Today we talk about ways to keep practice engaging, creative and keep you all having fun.
Probably you are reading this because practice in your house is not fun, not a happy time, and you feel like you need either a lie-down or a large glass of wine afterwards. Or both.
Let’s pause for a minute and can you ask yourself, “Why do I not enjoy practicing with my child?”
Is there something specific or a root cause to this that you can jiggle out? Often, its because “my child makes a huge fuss and makes us both miserable” or something like that.
Let’s downshift a few times and put ourselves into a child’s perspective. What do children LOVE to do? Play and imitate. Contrary to popular belief, it is not temper tantrums.
To invite children into a happy practice space and to leave having enjoyed it and learned something, we need to do two things: gamify practice and model positive behaviour and emotion.
This term is rather new, and it came with the advent of video and computer games. If you were or are a gamer, consider how addicting “leveling up” and acquiring new skills and items within the game is. For those of you who don’t game, it is VERY addicting, and VERY fun.
What would our practices look like if we did this while practicing?
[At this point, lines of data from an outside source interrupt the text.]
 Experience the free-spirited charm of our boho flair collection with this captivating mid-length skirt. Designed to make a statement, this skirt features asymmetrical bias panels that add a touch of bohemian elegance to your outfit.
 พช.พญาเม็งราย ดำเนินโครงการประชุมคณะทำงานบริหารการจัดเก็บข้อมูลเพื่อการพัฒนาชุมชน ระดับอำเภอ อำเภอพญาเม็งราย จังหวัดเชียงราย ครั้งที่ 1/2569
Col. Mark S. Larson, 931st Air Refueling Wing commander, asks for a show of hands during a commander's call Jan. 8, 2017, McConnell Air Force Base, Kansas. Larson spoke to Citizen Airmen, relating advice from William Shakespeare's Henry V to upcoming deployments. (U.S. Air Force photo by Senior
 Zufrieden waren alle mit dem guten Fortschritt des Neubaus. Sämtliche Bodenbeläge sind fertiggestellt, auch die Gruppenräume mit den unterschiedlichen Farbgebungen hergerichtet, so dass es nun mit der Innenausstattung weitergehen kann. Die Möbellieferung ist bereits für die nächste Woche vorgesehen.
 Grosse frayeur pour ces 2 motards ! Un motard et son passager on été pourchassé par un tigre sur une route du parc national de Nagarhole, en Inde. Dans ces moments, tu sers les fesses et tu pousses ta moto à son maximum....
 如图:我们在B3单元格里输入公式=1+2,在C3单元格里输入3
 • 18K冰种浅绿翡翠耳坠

Like I said in Part 1: That Dirty Word: Practice, this kind of practice is not easy. It’s not a set up-check out process, it’s a focus and achieve process. We need to think in the long-term to successfully gamify music. Figure out the end goal and decide what you need to do to get there.
But it is simple. All you need is a some creativity, some humility and a bit of patience.
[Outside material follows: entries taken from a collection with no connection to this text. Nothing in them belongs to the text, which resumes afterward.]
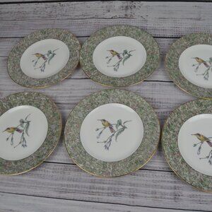 Wedgwood Bone China 8" Salad Plates SET 6 Hummingbird Humming Birds Pattern EUC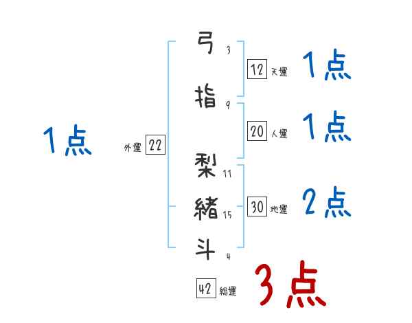 総運![]() | 弓指梨緒斗さんの総運は42画の3つ星!病気に注意。多芸であるが消極的でおとなしい。 あなたの人生を表す1番重要な運勢です。生涯を通じて影響する総合運となり、主に50歳以降の晩年期に影響を及ぼします。 |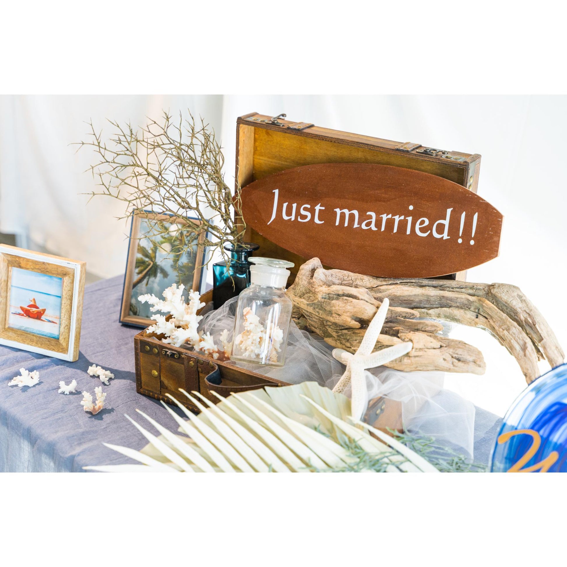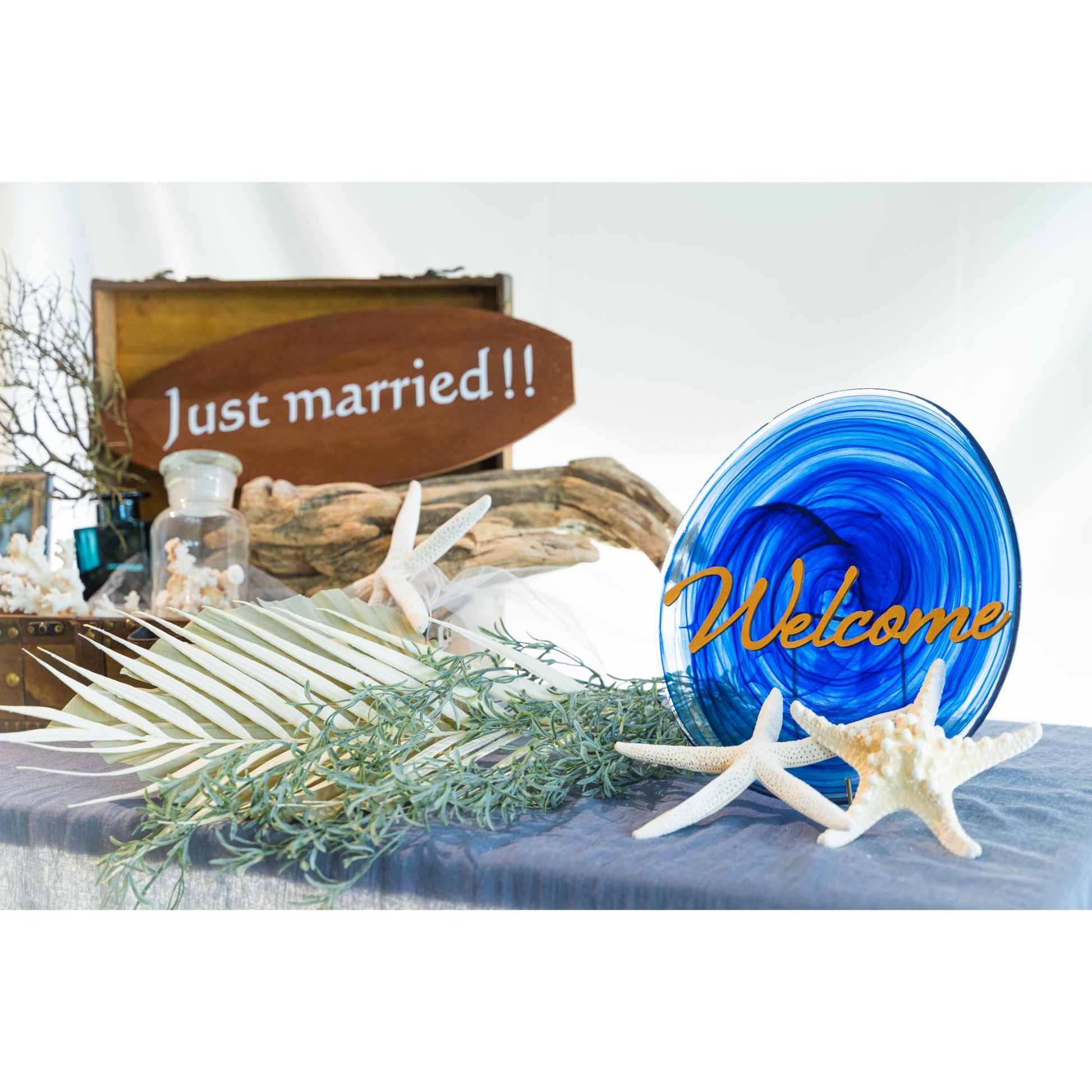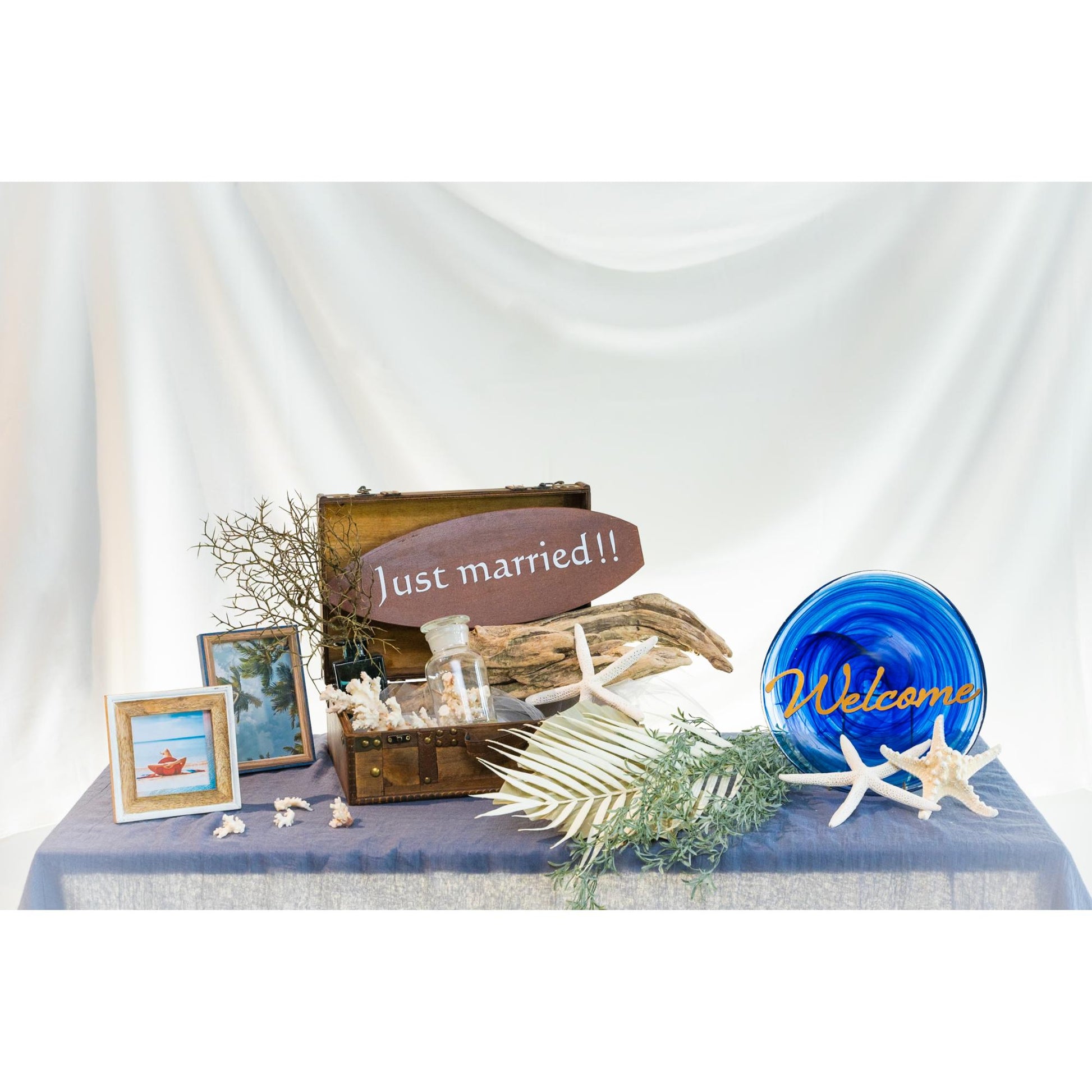 | 商品サイズ寸法 | 【トランク】1個 縦23×横34×高さ13cm 【ウェルカムプレート】1個 直径26cm 【サーフボードプレート】1個 縦14.2×横40.3cm 【フォトフレーム・S】1個 外枠:縦14×横14cm 写真サイズ:縦10×横10cm 【フォトフレーム・M】1個 外枠:縦17×横12.2cm 写真:サイズ縦15.2×横10.2cm 【ブルー花瓶】1個 縦6×横6×高さ10cm 【メディシンボトルオブジェ】1個 直径6×高さ11.5cm 【流木オブジェ】1個 長さ44×幅16cm 【ヒトデ】2個 縦17×横17cm 【珊瑚】1個 16㎝ 【ブルー布地】1枚 長さ200.6×幅156cm 【チュール】1枚 長さ105.6×幅93cm 【グリーン・葉っぱ・海藻類】各1個 ①長さ77cm ②長さ66cm ③長さ37cm メジャーでの採寸のため、多少の誤差がある場合がございますがご了承ください。 |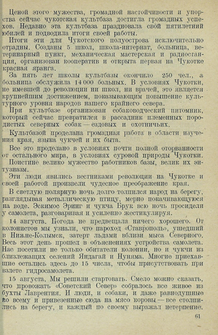 14 августа. Погода не предвещала ничего хорошего. От колонистов мы узнали, что пароход «Ставрополь», ушедший в Нижне-Колымск, затерт льдами вблизи мыса Северного. Весь этот день прошел в объяснениях устройства самолета. Нас посетили не только обитатели колонии, но и чукчи из близлежащих селений Яндагай и Нуняма. Многие приехавшие остались здесь до 15 числа, чтобы присутствовать при взлете гидросамолета.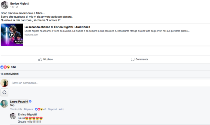 Tra l’altro l’esibizione del cantautore ha conquistato anche Laura Pausini, da sempre attenta ai nuovi talenti, che ha fatto i complimenti ad Enrico con un commento sulla sua pagina Facebook.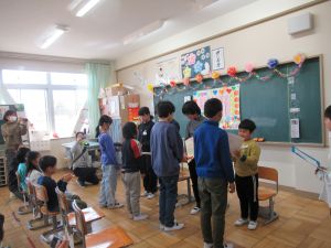 くすのき学級でお別れ会を行いました。いす取りゲームとフルーツバスケットで盛り上がった後、皆で書いた手紙を卒業する子にプレゼントしました。先生たちからは歌のプレゼントがあり、さみしいながらも楽しい1日でした。今のメンバーと一緒にいられるのも残り数日です。1日1日を大切に過ごしたいものです。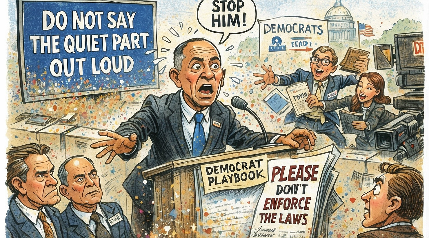 Behind him, a massive teleprompter briefly flashed DO NOT SAY THE QUIET PART OUT LOUD, before exploding into a shower of glitter and donor talking points.

Start by identifying steps within the larger skill that can be broken down into games. Keep it short and sweet, too many steps makes it look like you’re never going to level up!
Here are some other suggestions to sweeten the practice:
Repetitions are a foundational principle of learning anything. Counting them creatively helps shorten the time you spend thinking about those repetitions. Try keeping track with chocolate chips (make sure to eat them at the end of the practice!), an abacus, play each repetition to a different person, window, pet, direction, place a Lego block on a structure for each repetition, or write a line of a story per repetition.
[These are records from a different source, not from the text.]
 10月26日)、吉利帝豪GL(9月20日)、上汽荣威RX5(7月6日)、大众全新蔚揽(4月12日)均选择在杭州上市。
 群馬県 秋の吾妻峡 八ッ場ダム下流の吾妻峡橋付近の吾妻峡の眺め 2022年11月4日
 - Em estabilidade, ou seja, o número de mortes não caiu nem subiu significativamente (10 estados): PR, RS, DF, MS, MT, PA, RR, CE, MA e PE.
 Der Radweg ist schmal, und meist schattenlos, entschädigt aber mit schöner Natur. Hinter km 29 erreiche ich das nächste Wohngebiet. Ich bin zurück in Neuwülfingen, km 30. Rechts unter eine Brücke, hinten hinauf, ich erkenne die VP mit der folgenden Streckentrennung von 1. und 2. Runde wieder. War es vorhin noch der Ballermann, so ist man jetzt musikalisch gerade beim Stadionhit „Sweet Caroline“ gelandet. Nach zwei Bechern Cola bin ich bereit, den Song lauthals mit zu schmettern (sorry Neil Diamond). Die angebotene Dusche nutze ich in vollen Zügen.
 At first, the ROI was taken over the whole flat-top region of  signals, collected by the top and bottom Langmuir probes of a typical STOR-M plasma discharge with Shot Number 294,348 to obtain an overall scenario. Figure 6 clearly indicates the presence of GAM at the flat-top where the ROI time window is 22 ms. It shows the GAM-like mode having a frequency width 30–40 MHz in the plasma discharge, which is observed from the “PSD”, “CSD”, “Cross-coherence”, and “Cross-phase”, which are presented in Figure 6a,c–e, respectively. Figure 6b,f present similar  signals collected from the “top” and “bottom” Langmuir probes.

Practice in a different area (some like consistency in location, do this if your child gets bored).
Have a different theme every day (Dinosaurs! Beautiful sound! Bunnies! Marshmallow fingers!). Come in costume.
Invite a friend or family member (like a grandparent) to sit and listen to the practice.
Take a time-capsule video and watch together a few days or weeks later to see the progress.
Colour in a colour-by-number area per item or day practiced.
Make up games or stories to go along with tasks.
Bring a favourite toy to practice and include it in the tasks.
But gamifying practice will do nothing if you’re still not having fun. Fun = smiles and laughter.
Does your child’s practice unfold like a textbook? Is there anything that is engaging or inviting for children? Do you smile while your child practices?
Maybe you’ve never thought that practice could include smiling. That is perfectly normal, and you’re not alone. The word “practice” doesn’t exactly trigger “fun”.
Now here’s some hard love. Just because you think practice should go a certain way, doesn’t mean your dear child will agree with you. They are their own person and they have their own opinions, thoughts and emotions. Just because they whine and refuse to practice doesn’t mean you need to hate music lessons. As the parent, you get to choose when to practice, and you get to choose your emotions relating to music lessons. Their journey does not reflect on you as a parent, you are free to make your own choices and your child is free to make their own. You can choose to enter the practice time and space with positivity and energy, or you can choose to mirror your 6 year old’s temper tantrum back to them.
As the practice parent, if you are engaged and having fun, your child will be engaged and having fun. Your child will see you having fun and enjoying practice, and start to believe it is actually fun!
Practicing does not always have to be serious, practicing can be refreshing and exhilarating, and even enjoyable. Why do we do this? To nurture and cultivate a life-long love of music in our children’s lives.